**How to complete this task:** Within the entries below, please return exactly the lines from the one with "- To make the" through the one with "and high ceilings.", leaving out any pictures.

**Data for processing:**
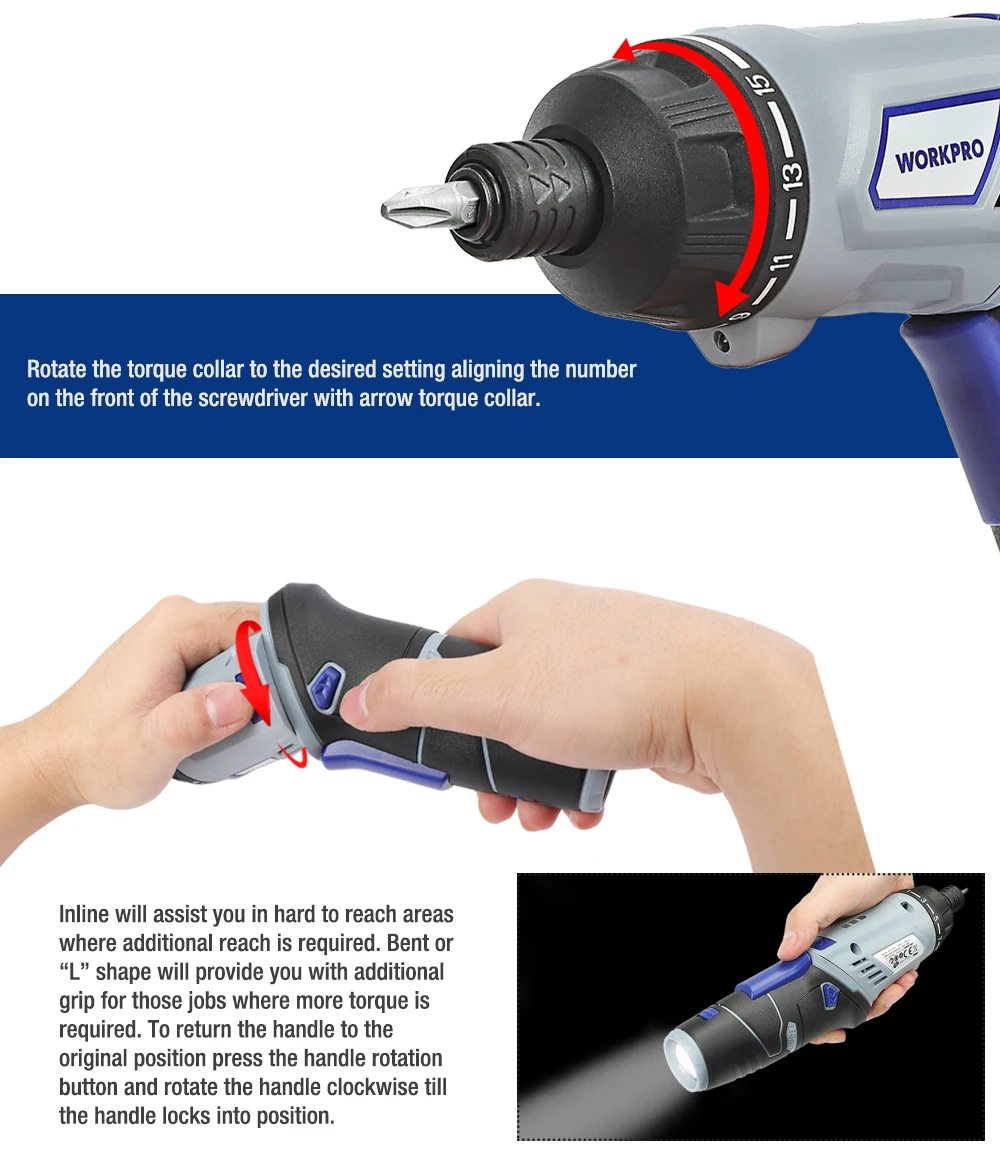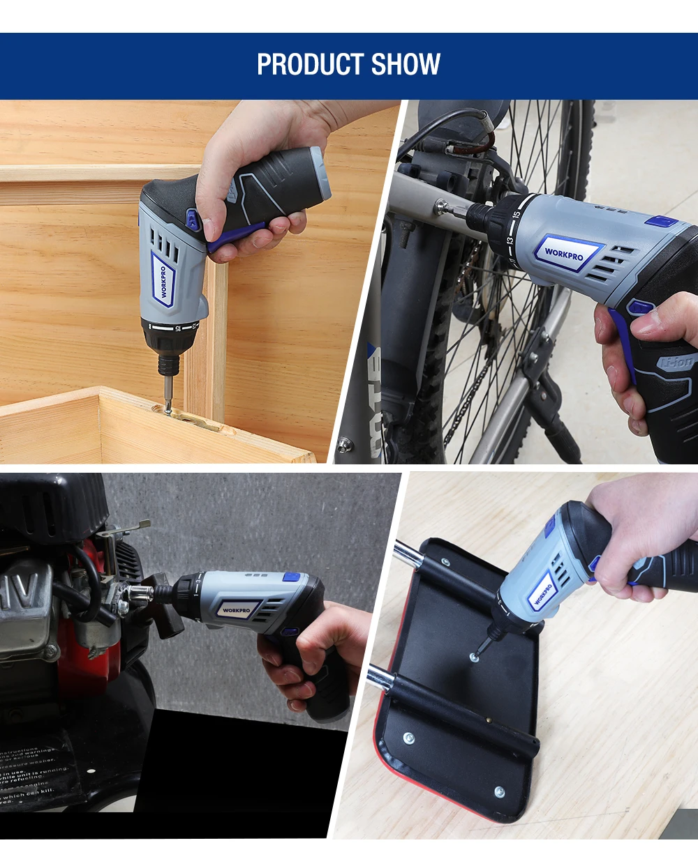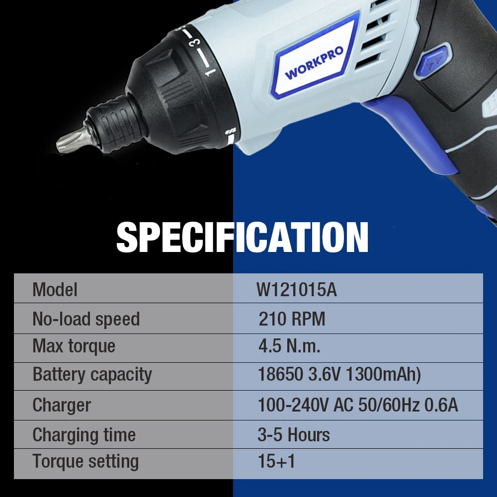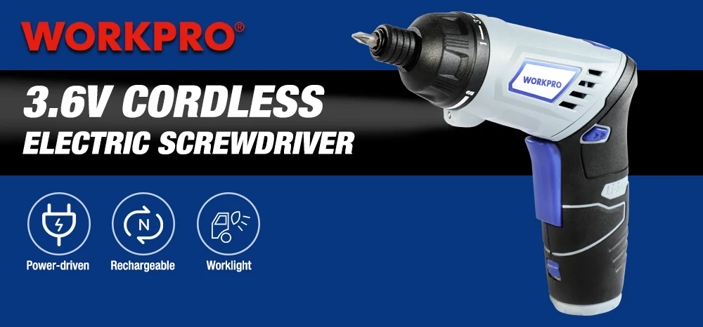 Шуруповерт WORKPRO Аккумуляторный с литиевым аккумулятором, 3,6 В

---

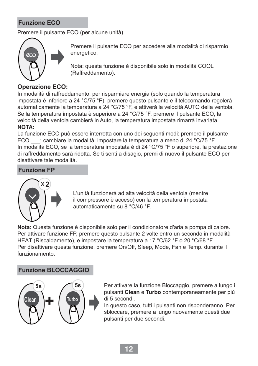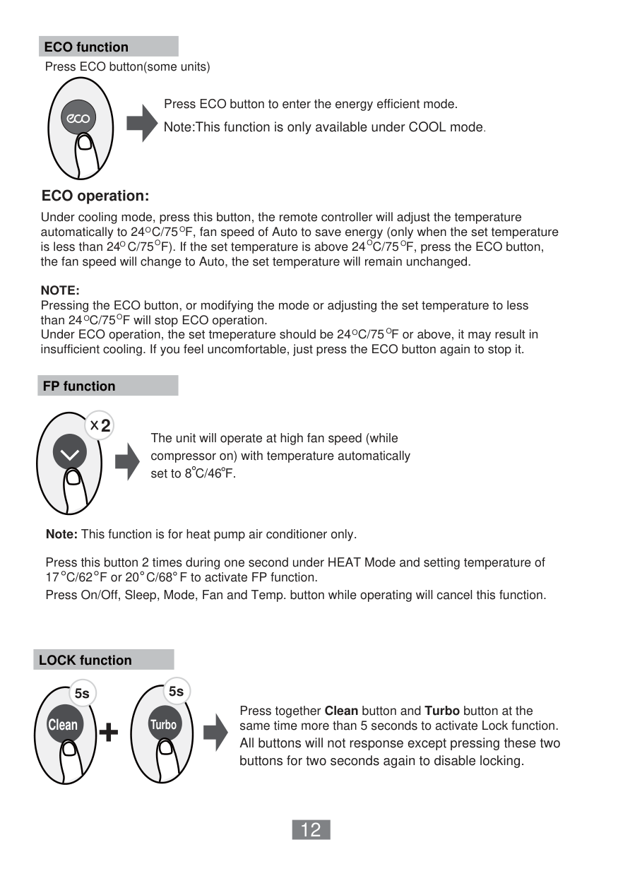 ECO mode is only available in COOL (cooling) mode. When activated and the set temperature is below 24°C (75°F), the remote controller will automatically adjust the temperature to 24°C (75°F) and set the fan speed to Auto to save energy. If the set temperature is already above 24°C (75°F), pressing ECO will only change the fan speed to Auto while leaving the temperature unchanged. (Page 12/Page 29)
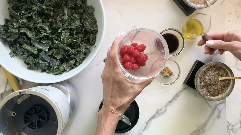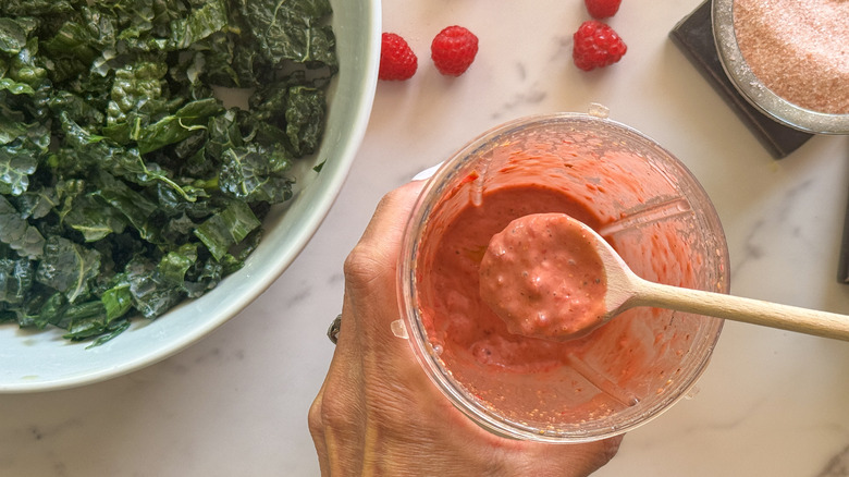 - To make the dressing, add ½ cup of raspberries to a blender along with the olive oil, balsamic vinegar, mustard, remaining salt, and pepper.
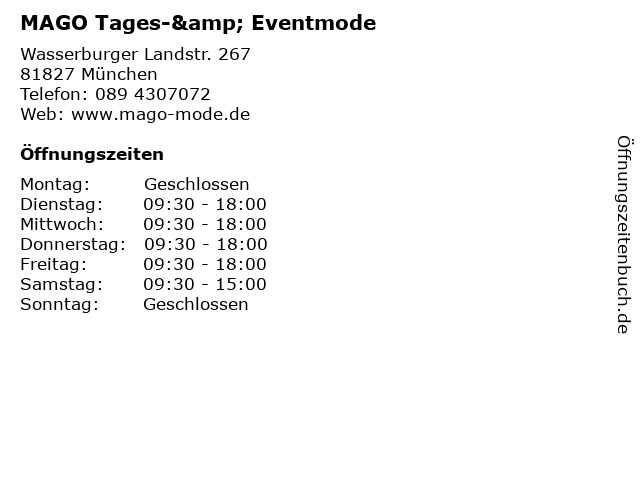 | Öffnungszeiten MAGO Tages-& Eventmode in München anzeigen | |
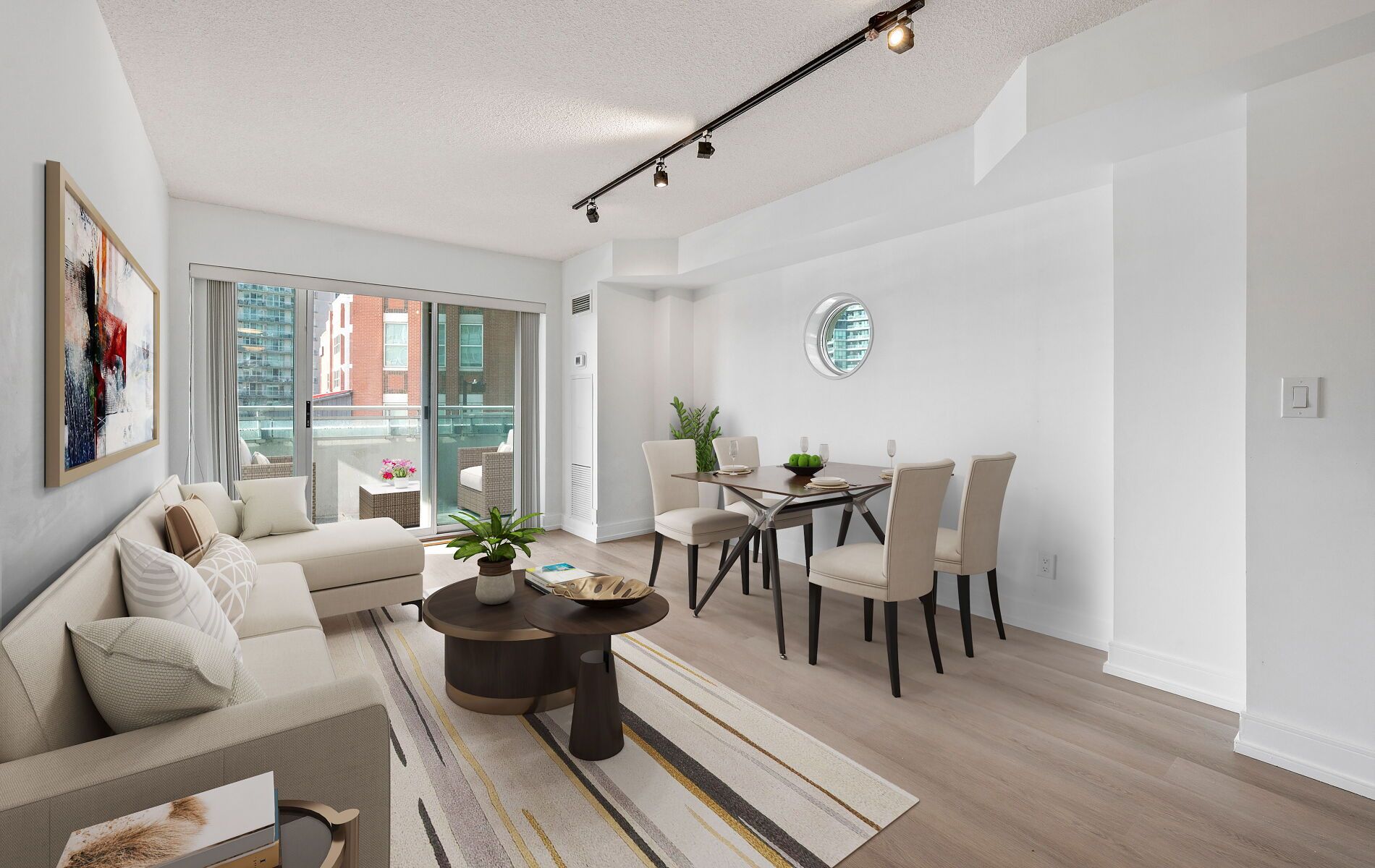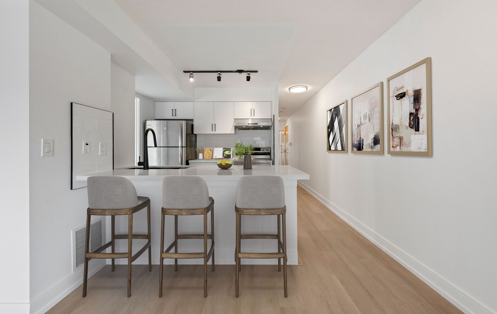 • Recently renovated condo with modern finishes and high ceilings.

**Solution:**
 - To make the dressing, add ½ cup of raspberries to a blender along with the olive oil, balsamic vinegar, mustard, remaining salt, and pepper.
 | Öffnungszeiten MAGO Tages-& Eventmode in München anzeigen | |
 • Recently renovated condo with modern finishes and high ceilings.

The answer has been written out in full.